Have you begun regularly to write your book on the antiquity of man?

I do not agree with your remark that I make Natural Selection do too much work. You will perhaps reply that every man rides his hobby-horse to death; and that I am in the galloping state.

To C. Lyell.
Torquay, Aug. 21st [1861].

I am pleased that you approve of Hutton's review. It seemed to me to take a more philosophical view of the manner of judging the question than any other review. The sentence you quote from it seems very true, but I do not agree with the theological conclusion. I think he quotes from Asa Gray, certainly not from me; but I have neither A. Gray nor Origin with me. Indeed, I have over and over again said in the Origin that Natural Selection does nothing without variability; I have given a whole chapter on laws, and used the strongest language how ignorant we are on these laws. But I agree that I have somehow (Hooker says it is owing to my title) not made the great and manifest importance of previous variability plain enough. Breeders constantly speak of Selection as the one great means of improvement; but of course they imply individual differences, and this I should have thought would have been obvious to all in Natural Selection; but it has not been so.

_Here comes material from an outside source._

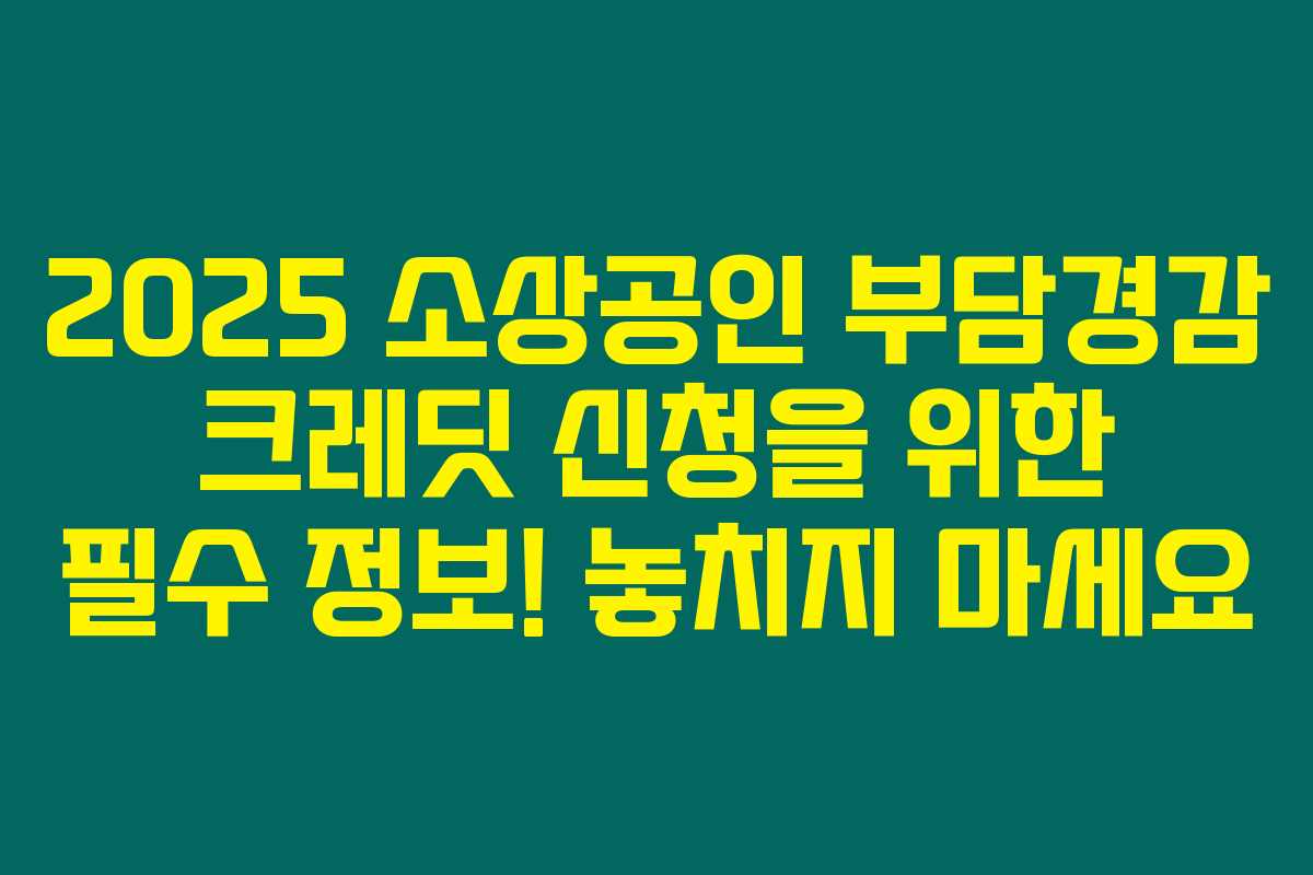 부담경감 크레딧은 소상공인들에게 실질적인 지원을 제공하여 경제적 부담을 덜어줄 수 있는 유용한 제도입니다.
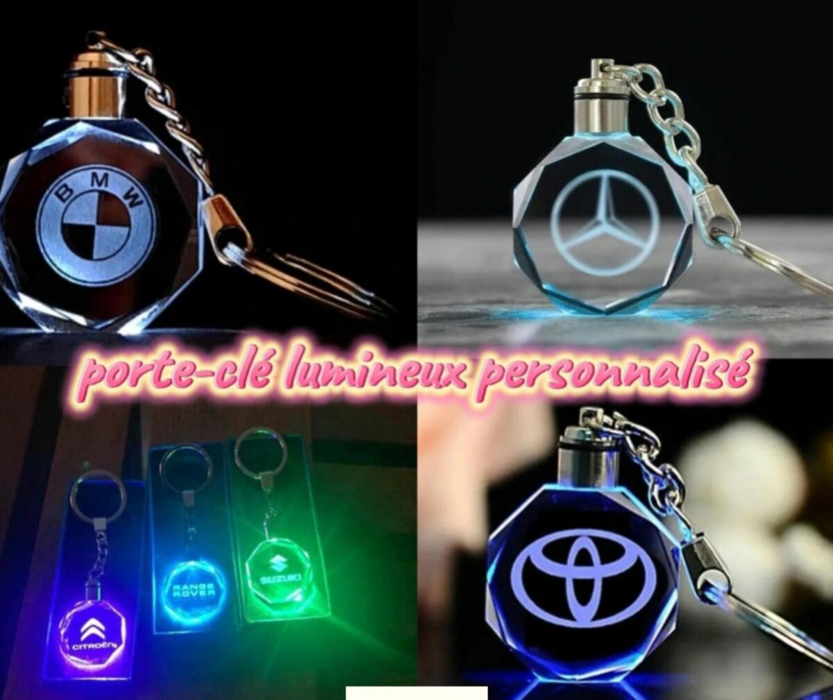 Optez pour ce porte-clé lumineux personnalisable avec logo de voiture. Parfait pour les amateurs d'automobile, il ajoute une touche moderne et unique à vos clés. Idéal comme cadeau ou pour garder vos clés visibles dans l'obscurité. Disponible avec logos populaires.

I have just said that I cannot agree with 'which variations are the effects of an unknown law, ordained and guided without doubt by an intelligent cause on a preconceived and definite plan.' Will you honestly tell me (and I should be really much obliged) whether you believe that the shape of my nose (eheu!) was ordained and 'guided by an intelligent cause?' By the selection of analogous and less differences fanciers make almost generic differences in their pigeons; and can you see any good reason why the Natural Selection of analogous individual differences should not make new species? If you say that God ordained that at some time and place a dozen slight variations should arise, and that one of them alone should be preserved in the struggle for life and the other eleven should perish in the first or few first generations, then the saying seems to me mere verbiage. It comes to merely saying that everything that is, is ordained.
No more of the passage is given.